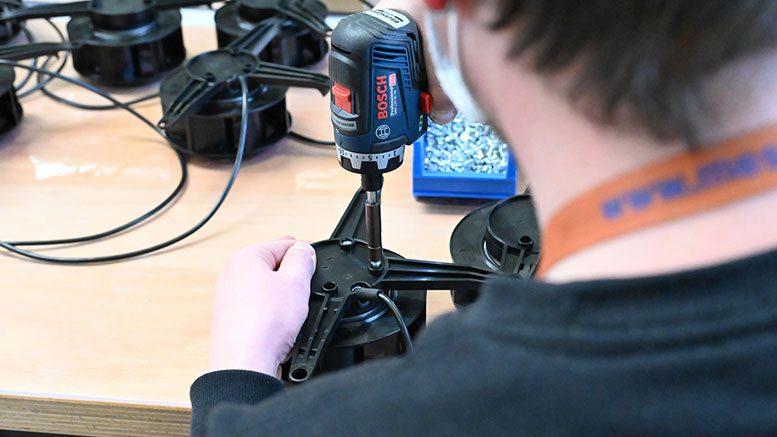 Vielversprechend verlief auch der Einstieg bei SIEGENIA. Mit dem Bus fahren die AWORK-Beschäftigten eigenständig nach Wilnsdorf; derzeit sind es eine Frau und drei Männer. Eine fünfte Kraft soll das Team schon bald verstärken; die Stelle ist derzeit bei AWORK in Ausschreibung. Aufgabe der AWORK-Beschäftigten, die über unterschiedliche Grade der Beeinträchtigung verfügen, ist aktuell die Fertigung der Unterbaugruppen für den Wandlüfter AEROPAC, ein kompakter Schalldämmlüfter für lärmbelastete Umgebungen z. B. in Flughafennähe.
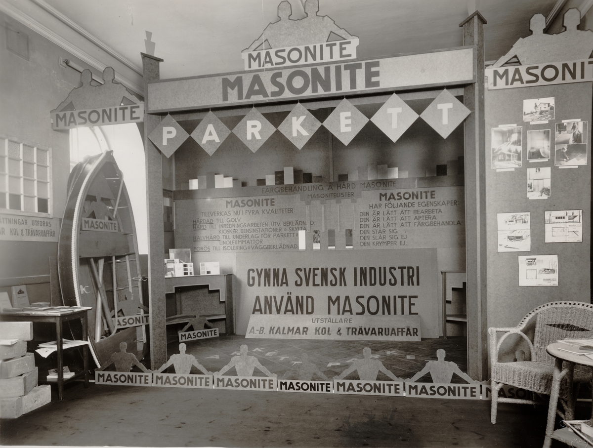 Masonite. AB Kalmar Kol & Trävaruhandels monter på Bygge och Bo- utställningen i Kalmar 1933.
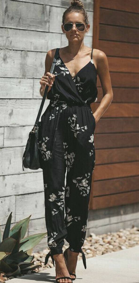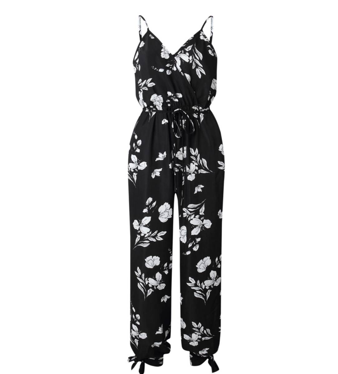 送料無料★新品・即決★オールインワン★フローラル柄レディースロンパース・花柄レディースジャンプスーツ★サイズM★ブラック
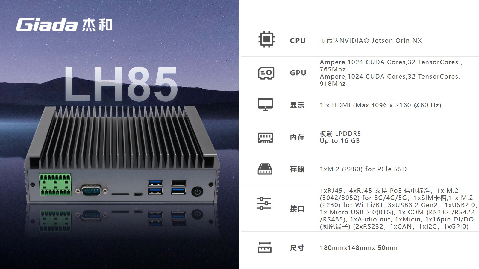 沐鸣科技AI边缘计算LH85,拥有100TOPS超强算力,能为工业控制领域客户的AI应用提供强大的算力支持和充足的通信、控制接口保障,可广泛应用于智能制造、机器视觉、AGV、智慧城市等领域。
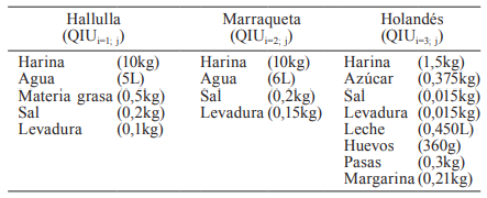 Para la determinación de los costos directos se recurrió a información técnica y criterios presentados en Cerón et al. (2011), donde se provee una metodología y criterio para determinar los costos directos a partir de los kg de producto a producir y de la proporción de harina a utilizar para cada producto, según prácticas de producción reconocidas en la industria.
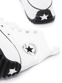 Run Star Hike high-top sneakers Converse says the Run Star Hike sneakers are a playful, reimagined version of the brand's Chuck Taylor style. Note the most iconic elements, like the rubber toe caps, logo patches and baseball-inspired uppers, remain the same. Made from durable canvas, they're elevated by ridged platform soles and cushioned insoles in contrasting black and brown hues. Highlights - White/black - Canvas - Signature run star hike sole - Signature star patch to the sides - Front lace-up fastening - Round toe - Eyelet detailing - Pull-tab at the heel - Ridged rubber sole Imported Composition Cotton 100% SIZE & FIT Model measurements Height 5 ft 11 in(1.8 m) Bust/Chest 31.49 in(80 cm) Hips 36.22 in(92 cm) Waist 25.59 in(65 cm) FittingInformation This piece fits true to size. We recommend you get your regular size
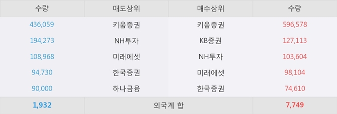 거래원 동향은 NH투자, 미래에셋 등이 매수 상위 목록에 나타나고 있다.
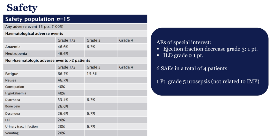 1/2级贫血和中性粒细胞减少发生率均为46.6%;主要的1/2级非血液学毒性包括疲劳(66.7%)、恶心(46.7%)和腹泻(33.4%)。9例患者发生过剂量减少;4例患者出现严重不良事件。有1例患者发生2级间质性肺病(ILD),1例患者发生3级左室射血分数下降。治疗期间,患者能够维持相应的生活质量(包括全球健康状态、躯体功能、情绪功能、认知功能)。
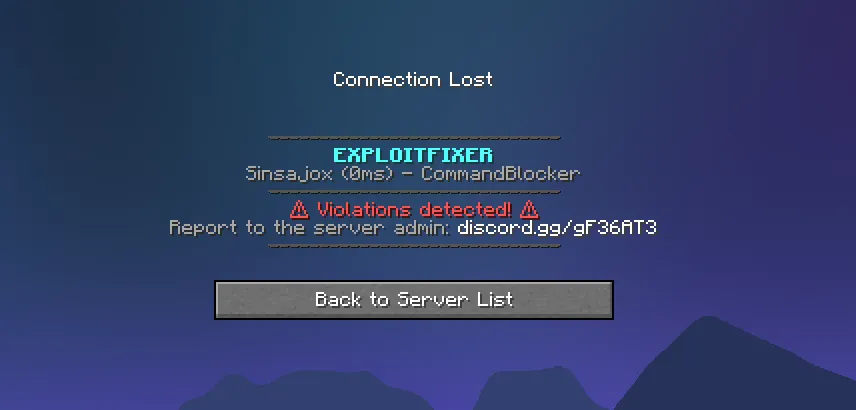ExploitFixer 是专为 Spigot / Paper / Folia Minecraft 服务器打造的最佳反漏洞数据包安全插件。它可拦截 Jessica、Jigsaw、Ayakashi、LiquidBounce、SmogClient、YSK、Meteor 等崩服客户端,以及尚未公开的私有崩服工具。我们时刻做好应对未来新型漏洞和崩服攻击的准备。
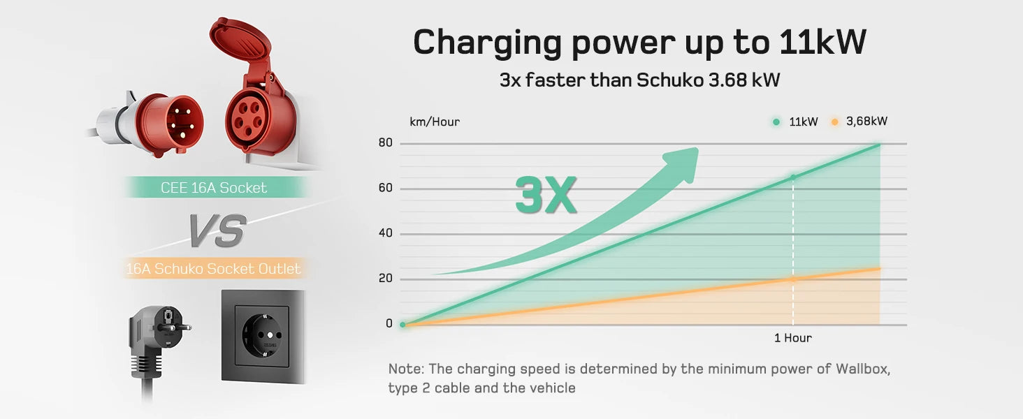Providing maximum 11kW power for efficient charging.(16A, 3-phase)
━━━━━━━━━━━━━━━━
* Exercise details:
Give back all entries exactly. No pictures belong in the copy.

* Solution for this exercise:
 Vielversprechend verlief auch der Einstieg bei SIEGENIA. Mit dem Bus fahren die AWORK-Beschäftigten eigenständig nach Wilnsdorf; derzeit sind es eine Frau und drei Männer. Eine fünfte Kraft soll das Team schon bald verstärken; die Stelle ist derzeit bei AWORK in Ausschreibung. Aufgabe der AWORK-Beschäftigten, die über unterschiedliche Grade der Beeinträchtigung verfügen, ist aktuell die Fertigung der Unterbaugruppen für den Wandlüfter AEROPAC, ein kompakter Schalldämmlüfter für lärmbelastete Umgebungen z. B. in Flughafennähe.
 Masonite. AB Kalmar Kol & Trävaruhandels monter på Bygge och Bo- utställningen i Kalmar 1933.
 送料無料★新品・即決★オールインワン★フローラル柄レディースロンパース・花柄レディースジャンプスーツ★サイズM★ブラック
 沐鸣科技AI边缘计算LH85,拥有100TOPS超强算力,能为工业控制领域客户的AI应用提供强大的算力支持和充足的通信、控制接口保障,可广泛应用于智能制造、机器视觉、AGV、智慧城市等领域。
 Para la determinación de los costos directos se recurrió a información técnica y criterios presentados en Cerón et al. (2011), donde se provee una metodología y criterio para determinar los costos directos a partir de los kg de producto a producir y de la proporción de harina a utilizar para cada producto, según prácticas de producción reconocidas en la industria.
 Run Star Hike high-top sneakers Converse says the Run Star Hike sneakers are a playful, reimagined version of the brand's Chuck Taylor style. Note the most iconic elements, like the rubber toe caps, logo patches and baseball-inspired uppers, remain the same. Made from durable canvas, they're elevated by ridged platform soles and cushioned insoles in contrasting black and brown hues. Highlights - White/black - Canvas - Signature run star hike sole - Signature star patch to the sides - Front lace-up fastening - Round toe - Eyelet detailing - Pull-tab at the heel - Ridged rubber sole Imported Composition Cotton 100% SIZE & FIT Model measurements Height 5 ft 11 in(1.8 m) Bust/Chest 31.49 in(80 cm) Hips 36.22 in(92 cm) Waist 25.59 in(65 cm) FittingInformation This piece fits true to size. We recommend you get your regular size
 거래원 동향은 NH투자, 미래에셋 등이 매수 상위 목록에 나타나고 있다.
 1/2级贫血和中性粒细胞减少发生率均为46.6%;主要的1/2级非血液学毒性包括疲劳(66.7%)、恶心(46.7%)和腹泻(33.4%)。9例患者发生过剂量减少;4例患者出现严重不良事件。有1例患者发生2级间质性肺病(ILD),1例患者发生3级左室射血分数下降。治疗期间,患者能够维持相应的生活质量(包括全球健康状态、躯体功能、情绪功能、认知功能)。
ExploitFixer 是专为 Spigot / Paper / Folia Minecraft 服务器打造的最佳反漏洞数据包安全插件。它可拦截 Jessica、Jigsaw、Ayakashi、LiquidBounce、SmogClient、YSK、Meteor 等崩服客户端,以及尚未公开的私有崩服工具。我们时刻做好应对未来新型漏洞和崩服攻击的准备。
Providing maximum 11kW power for efficient charging.(16A, 3-phase)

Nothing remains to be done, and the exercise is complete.